INSTRUCTIONS FOR THE TASK: Reproduce the listing below character for character; drop every image.

----- DATA BELOW

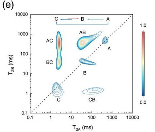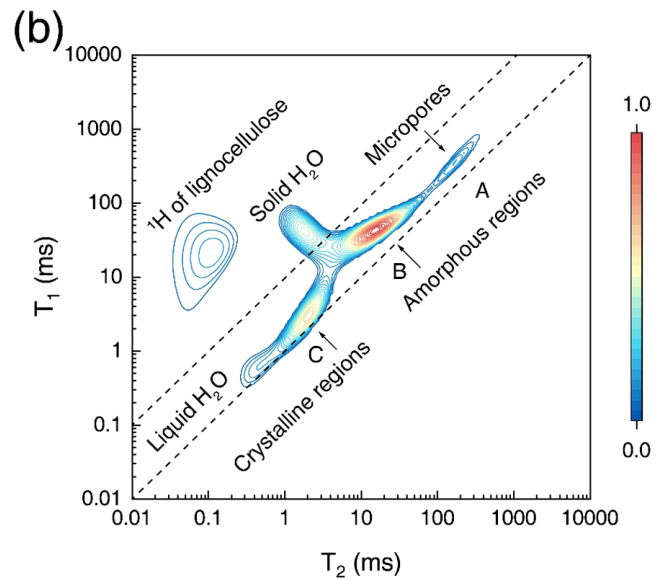 如圖 4 所示,(T2 = 0.1,T1 = 24)的自旋布居被分配給活桉樹的木質纖維素中的質子。對角線附近的自旋布居被分配給活桉樹內的水。更具體地說,(1.7,2.3)和(1.9,49.6)的自旋布居被分配給結晶區域的水,(16.6,42.5)被分配給非晶態區域的水,(168.1,391.7)被分配給木質部導管中的水。特別地,結晶區域中水的自旋布居呈現出兩種不同的形狀,一個平行于對角線的紡錘體和另一個垂直于對角線的紡錘體。
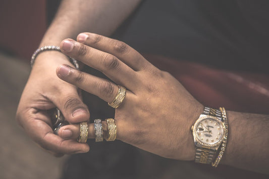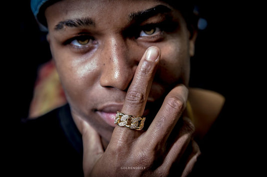 Golden Gilt Studded Cuban Link Ring
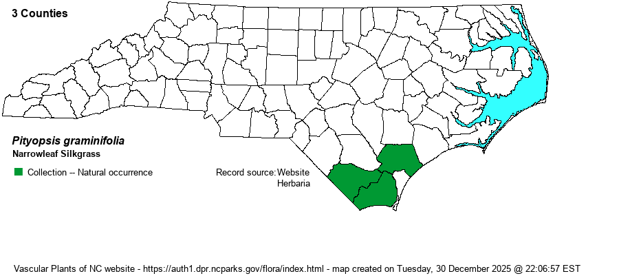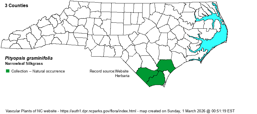| Distribution | Southern outer Coastal Plain, known from just 3 counties so far. A 1934 specimen at NCU from "dry woods, Nakina," Columbus County, was originally determined as Chrysopsis argentea and finally annotated in 2020. Sadly, SERNEC contains many dozens of specimens still labeled as the former P. graminifolia -- mainly now assigned to P. aspera if not also P. nervosa -- such that careful study of the specimens is badly needed. One of the editors (Sorrie) has done much of that, winnowing these specimens to now just 3 counties. In addition, iNaturalist also is unreliable for determining species of this genus owing to numerous splitting and renaming of species.

----------

ANSWER FOR THIS EXERCISE:
 如圖 4 所示,(T2 = 0.1,T1 = 24)的自旋布居被分配給活桉樹的木質纖維素中的質子。對角線附近的自旋布居被分配給活桉樹內的水。更具體地說,(1.7,2.3)和(1.9,49.6)的自旋布居被分配給結晶區域的水,(16.6,42.5)被分配給非晶態區域的水,(168.1,391.7)被分配給木質部導管中的水。特別地,結晶區域中水的自旋布居呈現出兩種不同的形狀,一個平行于對角線的紡錘體和另一個垂直于對角線的紡錘體。
 Golden Gilt Studded Cuban Link Ring
| Distribution | Southern outer Coastal Plain, known from just 3 counties so far. A 1934 specimen at NCU from "dry woods, Nakina," Columbus County, was originally determined as Chrysopsis argentea and finally annotated in 2020. Sadly, SERNEC contains many dozens of specimens still labeled as the former P. graminifolia -- mainly now assigned to P. aspera if not also P. nervosa -- such that careful study of the specimens is badly needed. One of the editors (Sorrie) has done much of that, winnowing these specimens to now just 3 counties. In addition, iNaturalist also is unreliable for determining species of this genus owing to numerous splitting and renaming of species.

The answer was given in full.